How to complete this task ▸ Exclude the pictures and reproduce the remaining data exactly as written.

Input data ▸
__________

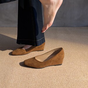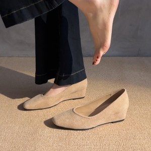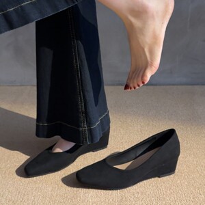 2025秋季新款时尚百搭方头绒面单鞋女一脚蹬通勤鞋软底浅口坡跟
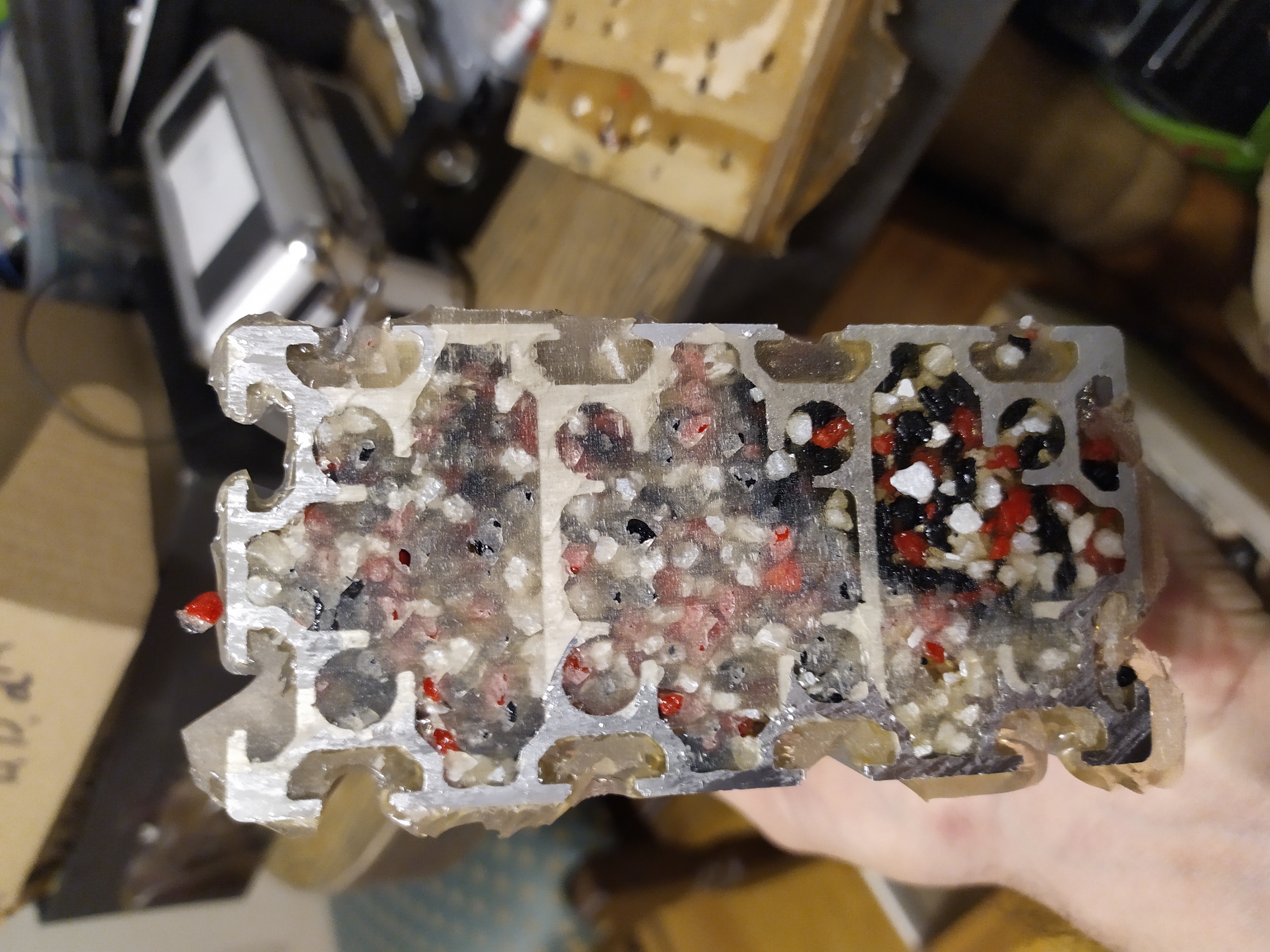 Вообщем, в этот раз все прошло на ура. Остались только вертикальные стойки портала. Но я их буду заливать не отдельно, а после установки на станину. Чтобы полимер гранит схватил станину и приклеил ее к вертикальной стойке. Понятно, что конструкция получится не разборная, но прочности будет имхо побольше.
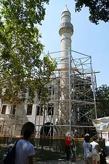 The minaret and fountain were both damaged in the 2017 Aegean Sea earthquake that hit Kos, leaving both in need of restoration; the main building also remains awaiting a large-scale restoration campaign.[5]
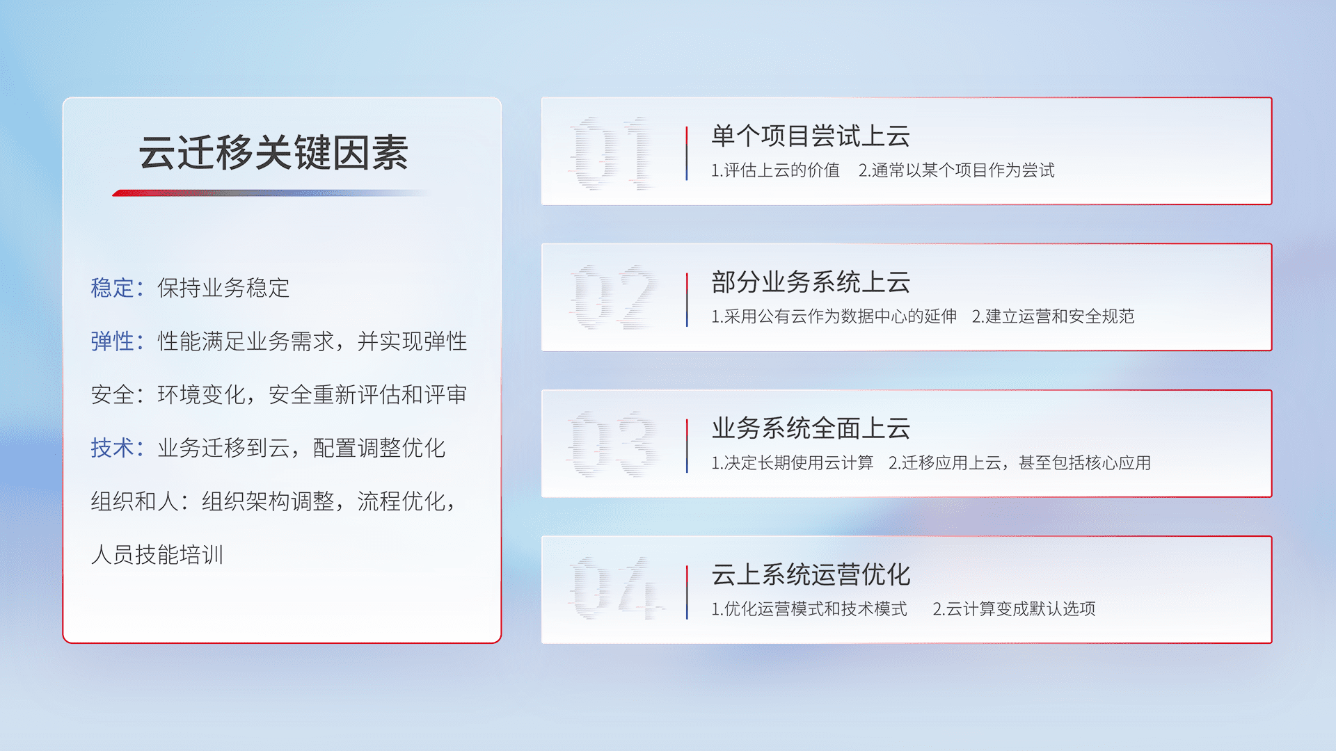 结合实际业务,,从规划设计、、、、云平台选型、、、云原生改造、、、数据迁移、、、、集成交付,,迁移全过程为客户识别最佳上云路径,,,,做好风险识别管理,,,设计网络架构、、、、身份权限、、安全审计合规、、、操作审计、、、日志审计、、监控告警策略、、、多站点容灾设计等,,对云上基础设施进行整体规划,,提升IT治理水平,,以满足弹性、、、、高可用、、、、高性能的需求。。。。

__________

Problem solution ▸
 2025秋季新款时尚百搭方头绒面单鞋女一脚蹬通勤鞋软底浅口坡跟
 Вообщем, в этот раз все прошло на ура. Остались только вертикальные стойки портала. Но я их буду заливать не отдельно, а после установки на станину. Чтобы полимер гранит схватил станину и приклеил ее к вертикальной стойке. Понятно, что конструкция получится не разборная, но прочности будет имхо побольше.
 The minaret and fountain were both damaged in the 2017 Aegean Sea earthquake that hit Kos, leaving both in need of restoration; the main building also remains awaiting a large-scale restoration campaign.[5]
 结合实际业务,,从规划设计、、、、云平台选型、、、云原生改造、、、数据迁移、、、、集成交付,,迁移全过程为客户识别最佳上云路径,,,,做好风险识别管理,,,设计网络架构、、、、身份权限、、安全审计合规、、、操作审计、、、日志审计、、监控告警策略、、、多站点容灾设计等,,对云上基础设施进行整体规划,,提升IT治理水平,,以满足弹性、、、、高可用、、、、高性能的需求。。。。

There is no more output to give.